While these three studies suggest that there are increased rates of IUI success following varicocelectomy, these studies are small and do not address several key details (such as female age, number of IUI cycles performed, or duration from varicocelectomy surgery to pregnancy). While several of the studies saw improvement in semen parameters, not all studies demonstrated an increase in traditional semen parameters. No study has yet identified what male factor is improved by varicocelectomy that could account for improvement in pregnancy outcomes, thus the biologic factor resulting from varicocele repair that improves fertility is yet unknown. Given the wide prevalence of varicoceles with variable impact on fertility, future identification of factors that predict improvement in pregnancy rates after varicocelectomy are essential. Until more predictive tests are available, the benefit of varicocele repair likely will remain its ability to improve semen parameters so that men who prior could only attempt IVF, may then be able to trial IUI – a more cost-effective option.28,31
Impact of Varicocelectomy on IVF/ICSI Outcomes in Oligospermic Men
IUI may not be feasible to conceive a pregnancy in oligospermic men and thus IVF with or without ICSI may be required. In these men, assessment for the presence of a varicocele is crucial prior to proceeding with ART, as four studies have suggested that varicocelectomy before undergoing IVF±ICSI can improve conception rates for men with oligospermia.
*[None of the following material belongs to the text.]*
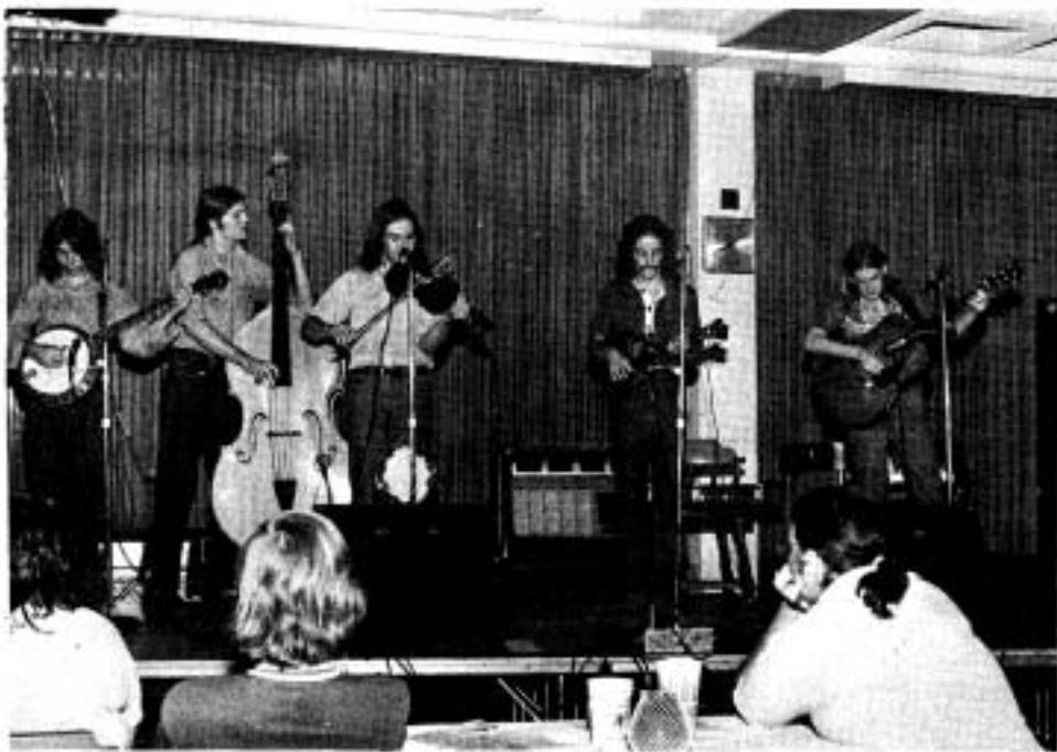
Front Porch String Band

The group itself was very pleased with the enormous outcome and it had been

Ashkenazi et al retrospectively analyzed a cohort of 22 infertile men with oligospermia and one or more varicoceles over 2 years.37 No couples conceived with IVF before surgical varicocele repair was performed while, after varicocelectomy, 20% of couples conceived using IVF. Though it was a small cohort, this 1989 study was the first to suggest a possible improvement in IVF outcomes after varicocele repair for men with oligospermia.
In 2010, Esteves et al retrospectively compared the outcomes of IVF/ICSI in oligospermic men with clinical varicoceles – 80 of whom underwent elective microsurgical varicocelectomy prior to IVF or IVF/ICSI and 162 of whom did not.38 The rate of clinical pregnancy with IVF±ICSI was 60% for men after microsurgical varicocelectomy versus 45.0% in men without treatment of varicocele; similarly, the livebirth rate was 46.2% versus 31.4% for those with and without varicocelectomy. Thus, the odds for livebirth comparing varicocelectomy with untreated varicocele was 1.87 (95% confidence interval 1.08–3.25). Importantly, baseline characteristics were similar with regard to female age (32.6 years vs 32.3 years), mean infertility duration, proportion with bilateral varicoceles, and proportion with Grade I, II, or III varicoceles.
The most recent and largest study on this topic was a retrospective cohort study of 306 oligospermic men who were undergoing ART with IVF/ICSI by Gokce et al; 168 had varicocele repair and 138 had untreated varicocele.39 The clinical pregnancy rate was 62.5% in those couples with varicocele repair prior to IVF/ICSI and 47.1% in those couples with untreated varicocele (p=0.01). The rate of livebirth was 47.6% versus 29.0% in those with and without varicocelectomy prior to IVF/ICSI, respectively (p<0.001).39 The two groups were comparable in female age, male age, proportion of couples with concurrent female infertility diagnoses, and proportion with Grade I, II, or III varicoceles. While all retrospective, these three studies all strongly suggest that varicocelectomy prior to IVF/ICSI improves the rates of both pregnancy and livebirth in couples with an oligospermic male partner.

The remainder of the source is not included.